- _Task goal_: Copy out the whole listing exactly as given. Skip the pictures.
Task inputs: Begin
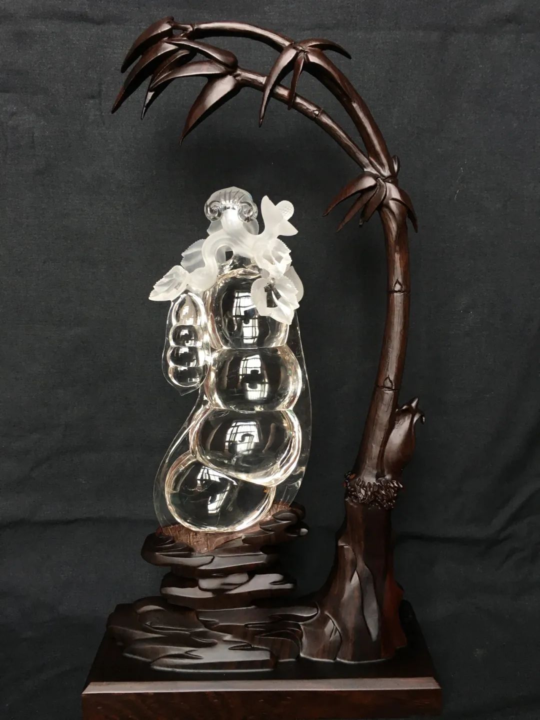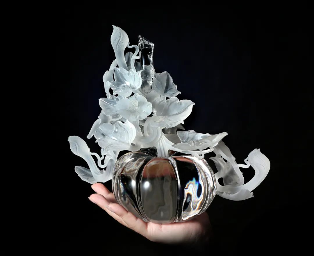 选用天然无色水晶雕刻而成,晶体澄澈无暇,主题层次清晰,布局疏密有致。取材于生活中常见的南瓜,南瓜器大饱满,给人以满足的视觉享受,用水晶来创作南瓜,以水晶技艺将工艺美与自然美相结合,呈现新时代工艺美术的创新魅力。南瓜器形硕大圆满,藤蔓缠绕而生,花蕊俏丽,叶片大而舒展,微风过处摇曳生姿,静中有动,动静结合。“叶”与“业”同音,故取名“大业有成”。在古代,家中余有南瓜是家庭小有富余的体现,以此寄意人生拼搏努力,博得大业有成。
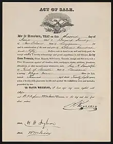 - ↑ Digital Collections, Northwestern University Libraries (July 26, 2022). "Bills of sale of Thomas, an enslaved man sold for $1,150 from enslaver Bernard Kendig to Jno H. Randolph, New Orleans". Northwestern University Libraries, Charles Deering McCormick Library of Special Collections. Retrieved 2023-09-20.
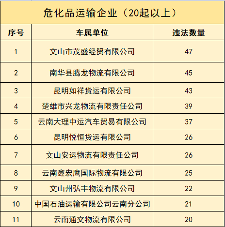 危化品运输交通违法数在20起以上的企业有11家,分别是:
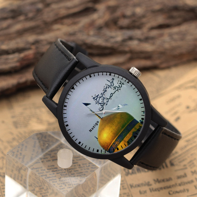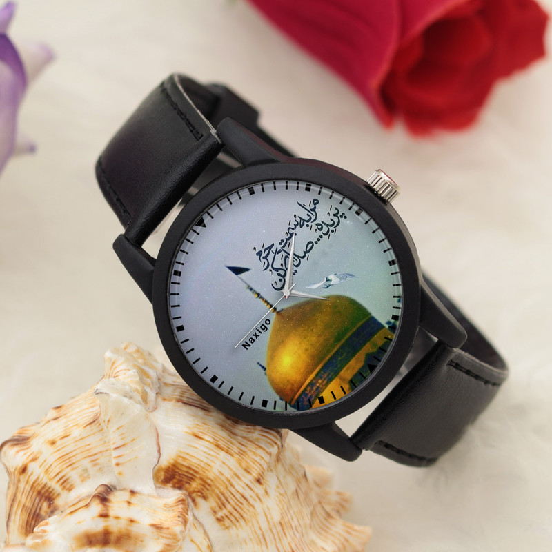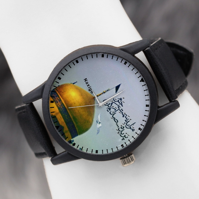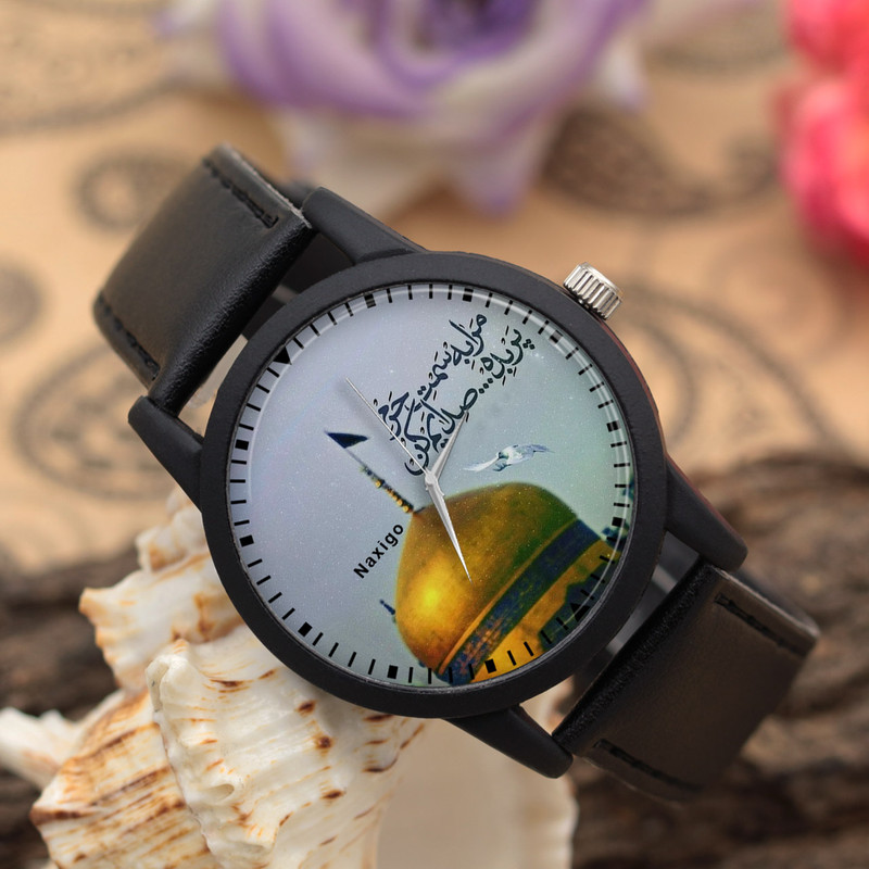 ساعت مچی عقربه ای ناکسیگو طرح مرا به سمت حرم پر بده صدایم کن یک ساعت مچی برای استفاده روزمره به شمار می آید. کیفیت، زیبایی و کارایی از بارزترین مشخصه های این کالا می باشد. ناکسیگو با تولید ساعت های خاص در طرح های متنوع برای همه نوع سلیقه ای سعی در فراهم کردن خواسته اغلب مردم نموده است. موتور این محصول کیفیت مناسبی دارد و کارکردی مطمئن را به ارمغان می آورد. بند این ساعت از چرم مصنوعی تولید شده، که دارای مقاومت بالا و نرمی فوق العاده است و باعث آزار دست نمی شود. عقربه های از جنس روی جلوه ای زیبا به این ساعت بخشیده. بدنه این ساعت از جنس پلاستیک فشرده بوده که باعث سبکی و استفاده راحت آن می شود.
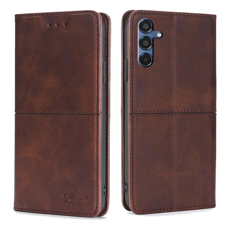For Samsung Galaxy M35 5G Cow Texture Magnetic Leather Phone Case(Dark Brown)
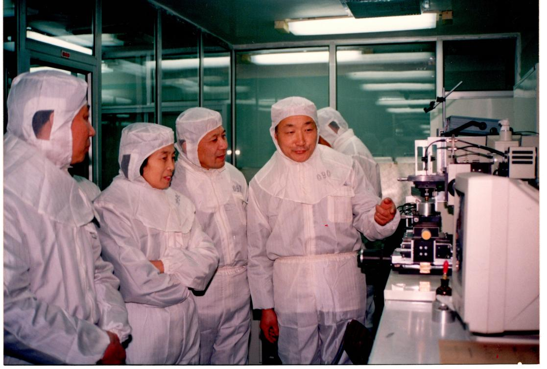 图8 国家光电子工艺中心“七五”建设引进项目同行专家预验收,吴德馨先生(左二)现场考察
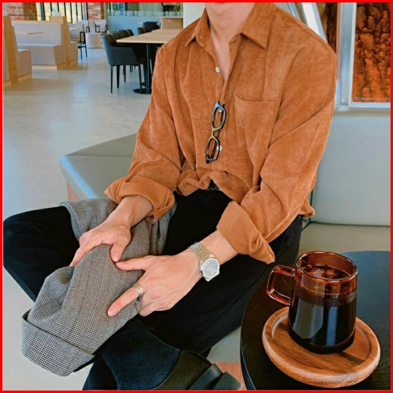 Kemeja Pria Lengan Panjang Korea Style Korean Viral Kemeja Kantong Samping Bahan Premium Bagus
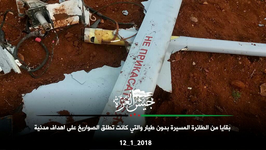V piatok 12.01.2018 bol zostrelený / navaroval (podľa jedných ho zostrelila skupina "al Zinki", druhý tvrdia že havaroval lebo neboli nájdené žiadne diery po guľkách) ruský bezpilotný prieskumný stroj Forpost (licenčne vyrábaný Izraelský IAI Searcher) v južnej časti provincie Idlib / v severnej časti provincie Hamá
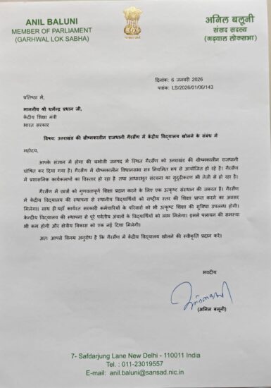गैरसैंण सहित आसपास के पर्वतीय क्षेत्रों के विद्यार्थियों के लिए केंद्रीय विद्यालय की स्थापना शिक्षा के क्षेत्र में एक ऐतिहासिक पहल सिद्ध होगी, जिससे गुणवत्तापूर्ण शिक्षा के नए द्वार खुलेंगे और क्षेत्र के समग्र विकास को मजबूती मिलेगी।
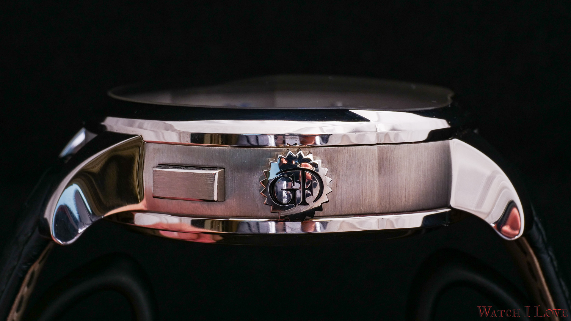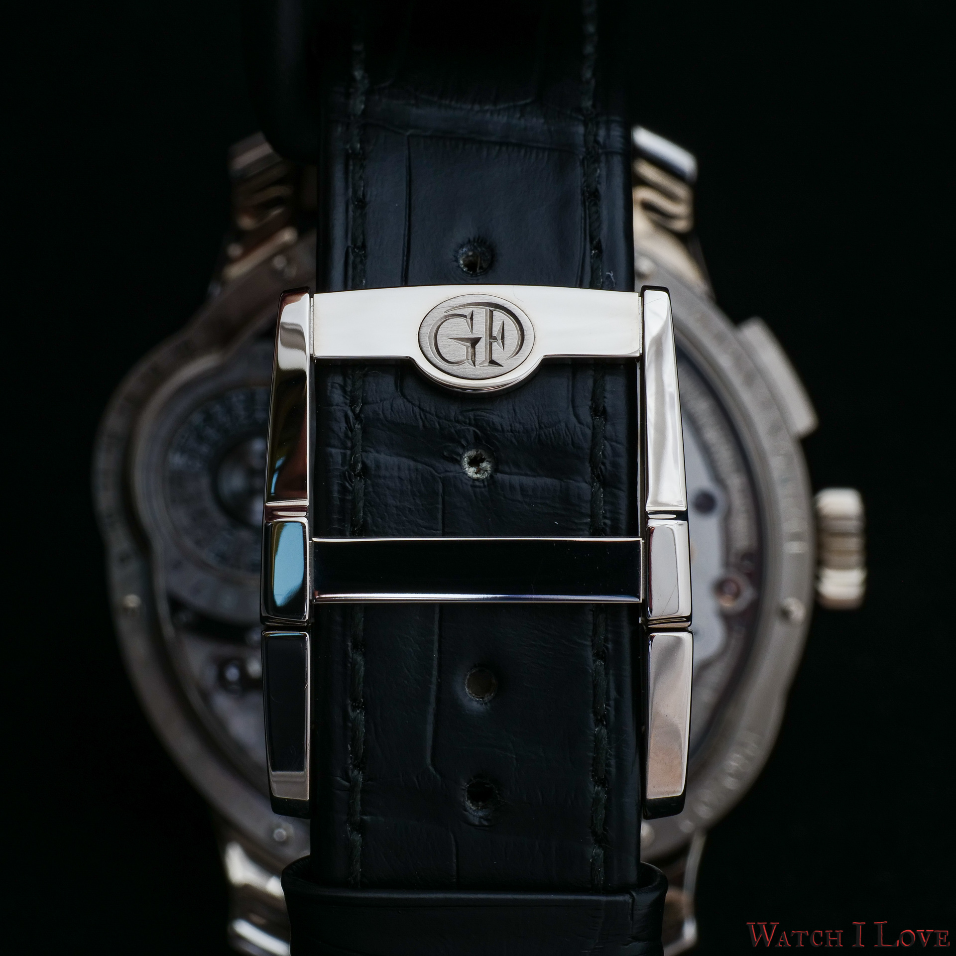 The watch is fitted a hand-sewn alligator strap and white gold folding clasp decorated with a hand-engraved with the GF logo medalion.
Task inputs: End
- _Solution for this task_:
 选用天然无色水晶雕刻而成,晶体澄澈无暇,主题层次清晰,布局疏密有致。取材于生活中常见的南瓜,南瓜器大饱满,给人以满足的视觉享受,用水晶来创作南瓜,以水晶技艺将工艺美与自然美相结合,呈现新时代工艺美术的创新魅力。南瓜器形硕大圆满,藤蔓缠绕而生,花蕊俏丽,叶片大而舒展,微风过处摇曳生姿,静中有动,动静结合。“叶”与“业”同音,故取名“大业有成”。在古代,家中余有南瓜是家庭小有富余的体现,以此寄意人生拼搏努力,博得大业有成。
 - ↑ Digital Collections, Northwestern University Libraries (July 26, 2022). "Bills of sale of Thomas, an enslaved man sold for $1,150 from enslaver Bernard Kendig to Jno H. Randolph, New Orleans". Northwestern University Libraries, Charles Deering McCormick Library of Special Collections. Retrieved 2023-09-20.
 危化品运输交通违法数在20起以上的企业有11家,分别是:
 ساعت مچی عقربه ای ناکسیگو طرح مرا به سمت حرم پر بده صدایم کن یک ساعت مچی برای استفاده روزمره به شمار می آید. کیفیت، زیبایی و کارایی از بارزترین مشخصه های این کالا می باشد. ناکسیگو با تولید ساعت های خاص در طرح های متنوع برای همه نوع سلیقه ای سعی در فراهم کردن خواسته اغلب مردم نموده است. موتور این محصول کیفیت مناسبی دارد و کارکردی مطمئن را به ارمغان می آورد. بند این ساعت از چرم مصنوعی تولید شده، که دارای مقاومت بالا و نرمی فوق العاده است و باعث آزار دست نمی شود. عقربه های از جنس روی جلوه ای زیبا به این ساعت بخشیده. بدنه این ساعت از جنس پلاستیک فشرده بوده که باعث سبکی و استفاده راحت آن می شود.
For Samsung Galaxy M35 5G Cow Texture Magnetic Leather Phone Case(Dark Brown)
 图8 国家光电子工艺中心“七五”建设引进项目同行专家预验收,吴德馨先生(左二)现场考察
 Kemeja Pria Lengan Panjang Korea Style Korean Viral Kemeja Kantong Samping Bahan Premium Bagus
V piatok 12.01.2018 bol zostrelený / navaroval (podľa jedných ho zostrelila skupina "al Zinki", druhý tvrdia že havaroval lebo neboli nájdené žiadne diery po guľkách) ruský bezpilotný prieskumný stroj Forpost (licenčne vyrábaný Izraelský IAI Searcher) v južnej časti provincie Idlib / v severnej časti provincie Hamá
गैरसैंण सहित आसपास के पर्वतीय क्षेत्रों के विद्यार्थियों के लिए केंद्रीय विद्यालय की स्थापना शिक्षा के क्षेत्र में एक ऐतिहासिक पहल सिद्ध होगी, जिससे गुणवत्तापूर्ण शिक्षा के नए द्वार खुलेंगे और क्षेत्र के समग्र विकास को मजबूती मिलेगी।
 The watch is fitted a hand-sewn alligator strap and white gold folding clasp decorated with a hand-engraved with the GF logo medalion.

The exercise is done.